On Fri, Nov 25, 2005 at 01:26:20PM -0800, Andy Bierman wrote:
Application-Level ACKs
It is not clear what a sender would do differently even
if it knew the receiver did not understand the message.
Without specific features in the protocol which would
need app-level ACKs (such as data model version negotiation),
the cost and complexity of this feature cannot be justified.
I think that we require Netconf Notification ACKs, and they can be
optional as was done in SNMPv3 (i.e.: unACKed traps, ACKed informs).
They are required for cases where the sender needs to know if the
information was successful transmitted and may decide to retransmit at a
later time.
I'm not sure we are all clear on the semantics here.
What I think we mean by application-layer ACK
is the receiver understood the message. TCP lets
us know the receiver got the message.
I don't see how retransmitting at a later time will
help the receiver understand the message (delivered as sent)
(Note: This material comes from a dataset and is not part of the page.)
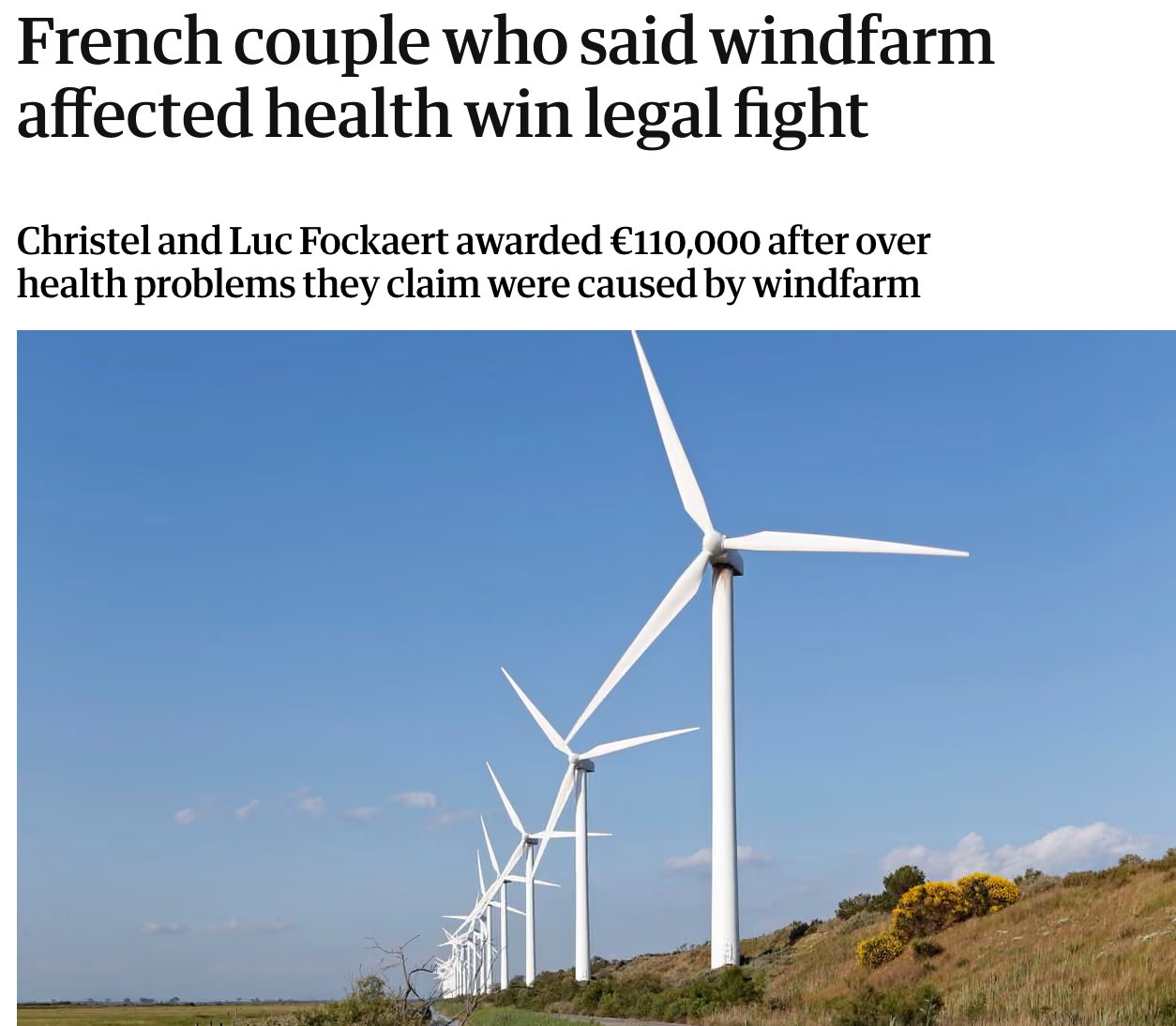根據《衛報》,法國圖盧茲法院於 2021 年首度認可「風機症候群」,裁定風力發電場需賠償居民健康損害。居住在塔恩省豐特里厄的福卡特夫妻投訴,距家僅 700 公尺的 6 座風機長期造成他們頭痛、失眠、心律不整、憂鬱等症狀,並指出風機噪音宛如洗衣機不斷轉動,夜間白色閃光更讓人難以入睡。夫妻搬家後健康恢復,法院鑑定專家也援引科學研究,支持「風機症候群」確實存在。

any better, unless the reason the message was garbled is
an intermittent bug in the sender. I don't think we need to
worry about this case in the protocol. Because if this isn't the case, then
the exact same error condition will occur no matter how
many times the sender retries.
My understanding is that a netconf protocol does not exist in
isolation and that most events that trigger netconf notifications will
originate in other pieces of software. For some pieces of software,
"shout and forget" is all what is needed. Other applications may want
to know whether they were heard so they can for example flush entries
in notification logs (as Randy mentioned).
If we don't provide application layer acks for those apps who need it,
then these apps will end up using TCP acks as the only approximation
for the indication that everything went fine. Such a best guess may
work, but it surely is not what I would call a robust solution (but
who cares about this these days).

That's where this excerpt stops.